Лиза ничего не ответила, только взглянула на меня. В её взгляде была такая укоризна, что я совершенно растерялся, всем своим существом почувствовав, что ей пришлось пережить. Я не знал, что мне теперь нужно делать, и вопросительно посмотрел на врача.
– Возьмите покрепче вашу супругу и потихоньку идите, – ответил он на мой безмолвный вопрос.
Я поцеловал Лизу в лоб и спросил:
– Лиза, ты сможешь идти?
Она кивнула и, видя мою растерянность, слабо улыбнулась. Как ни слаба была эта улыбка, она мне сказала лучше всяких слов, что я по-прежнему дорог Лизе.
На улице я окликнул первого проезжавшего извозчика, предварительно убедившись, что пролетка – на резиновых шинах. Я осторожно посадил Лизу и, обняв её за талию со всей нежностью, на какую был способен, осторожно привлёк к себе.
– Лиза, ты мне, наверно, никогда не простишь, что тебе пришлось из-за меня перенести? – спросил я, заглядывая ей в глаза.
– Глупый! – слабо улыбнулась Лиза. – За что я должна тебя простить? За то, что полюбила…
Я чуть было не стиснул Лизу изо всех сил, весь вспыхнув от радости, и лишь в последний миг, сообразив, в каком она сейчас состоянии, в испуге отстранился.
– Что с тобой? – спросила Лиза, вопросительно посмотрев на меня.
– Я ведь мог, за твои слова, причинить тебе непоправимый вред, так крепко захотелось мне тебя обнять… Я совсем забылся…
– Ах, вот ты чего испугался, – усмехнулась Лиза. – А я и не поняла. Нет, ты, пожалуйста, не забывай и будь осторожен. Я сейчас слишком слаба, – и, сделавшись серьёзней, грустно сказала: – Самым мучительным во всём этом было для меня не физическая боль, не стыд, а осознание того, что во мне убивают что-то самое дорогое, что я бы безмерно любила и чем бы так дорожила. К счастью, мне не пришлось переживать потери близких, а сейчас меня не оставляет сознание, что я потеряла самое близкое, родное…

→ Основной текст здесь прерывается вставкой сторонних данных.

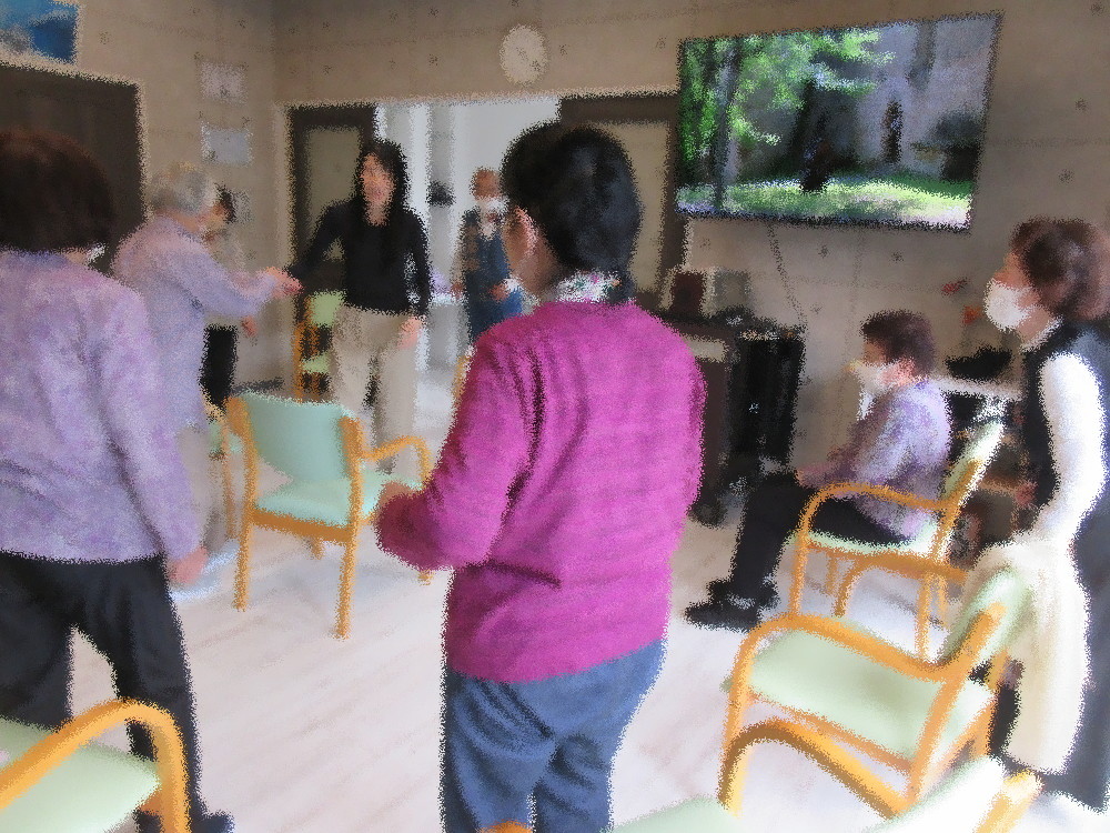 本日のサロンでは社長が体操を行い、まずはゆっくりと深呼吸をしてから全身のストレッチを順番にしました。 ストレッチをしながら社長より自律神経についてお話しがあり、 自律神経が乱れてしまうと体調を崩しやすくなってしまったり眠れなくなってしまったりします。 今回は自身の体と向き合いながら自律神経を整えるようなストレッチを中心に行っていきました。 まずはボールを使ったストレッチと簡単な筋トレからスタート! 一つ一つの動きに対して特に意識したいポイントやどういった効果があるのかを話しつつ、 首から肩・足・足首を順番に丁寧に時間をかけてストレッチしていきました。 後半には少し運動量を増やして座ったまま足踏みをしたり立ち上がってダンスエクササイズをしました。 足踏みも1曲行うとそれなりの運動量になり、ダンスエクササイズでは前回行ったボックスステップをしました! みなさん前回よりも上達され、スムーズにステップを踏まれる方もいました!

– Лиза, не надо сейчас об этом… Постарайся не думать, – взмолился я, а сам думал: «Господи, как же я расстанусь с ней, это невозможно… Невозможно, но неизбежно, неотвратимо. Что я могу сделать, чтобы этого расставания не было?»
Чтобы не вызывать ни у кого подозрений, не доезжая несколько домов до квартиры Лизы, я остановил извозчика, и мы сошли. Я вёл Лизу с большими предосторожностями. Самое трудное предстояло впереди, лифт в то время не работал, надо было подниматься на четвёртый этаж.
Я взял Лизу за талию, и очень медленно мы начали подъём. К счастью, навстречу нам никто не попадался, но когда мы поднялись на площадку третьего этажа, мы, к нашему ужасу, заметили, что сверху спускается по лестнице её сестра Соня. Лиза теснее прижалась ко мне, до того она почувствовала себя беспомощной и растерявшейся. Соня, завидев Лизу в моих объятиях, ехидно заулыбалась.
– Вы совсем как новобрачные! – воскликнула она, но, заметив, что её остроумие не произвело впечатления, внимательно вгляделась в Лизу. Лицо Сони выразило одновременно и подозрительность, и испуг.
– Что случилось? Лиза, на тебе лица нет!
Лиза молчала и ещё теснее прижалась ко мне.
«Только тебя не хватало нам встретить», – мысленно чертыхнулся я, но надо было что-то ответить.
– Лиза смертельно перепугалась, – сказал я. – Когда мы переходили улицу, на нас наскочил извозчик, она едва не попала под лошадь.
– Нужно сразу позвонить в амбулаторию и вызвать врача, – выпалила Соня, вглядываясь в Лизу больше с подозрением, чем с сочувствием. – Я сейчас позвоню.
Но Лиза уже пришла в себя.
– Не надо никуда звонить, Соня. Я чувствую себя лучше… часок полежу, и всё пройдёт. Иди по своим делам, пожалуйста…
– Ну смотри! А то, может быть, тебе помочь? – И, не получив ответа, ещё раз подозрительно оглядев Лизу, пожала плечами и стала спускаться вниз.
– Она обо всём догадалась, – с горечью сказала Лиза. – Хуже ничего не могло быть, как попасться ей навстречу.
– Что ты, Лиза, как она может догадаться? Ей и в голову не придёт ничего такого… – попытался я разуверить её.
– Ты Соню не знаешь… Если она ещё не догадалась, то что-то заподозрила, и теперь не успокоится, пока не наведёт справки… начнёт у всех расспрашивать и сопоставлять, а своего добьётся. Во всяком случае, родным она своё подозрение выскажет. Все они будут ко мне теперь особенно приглядываться.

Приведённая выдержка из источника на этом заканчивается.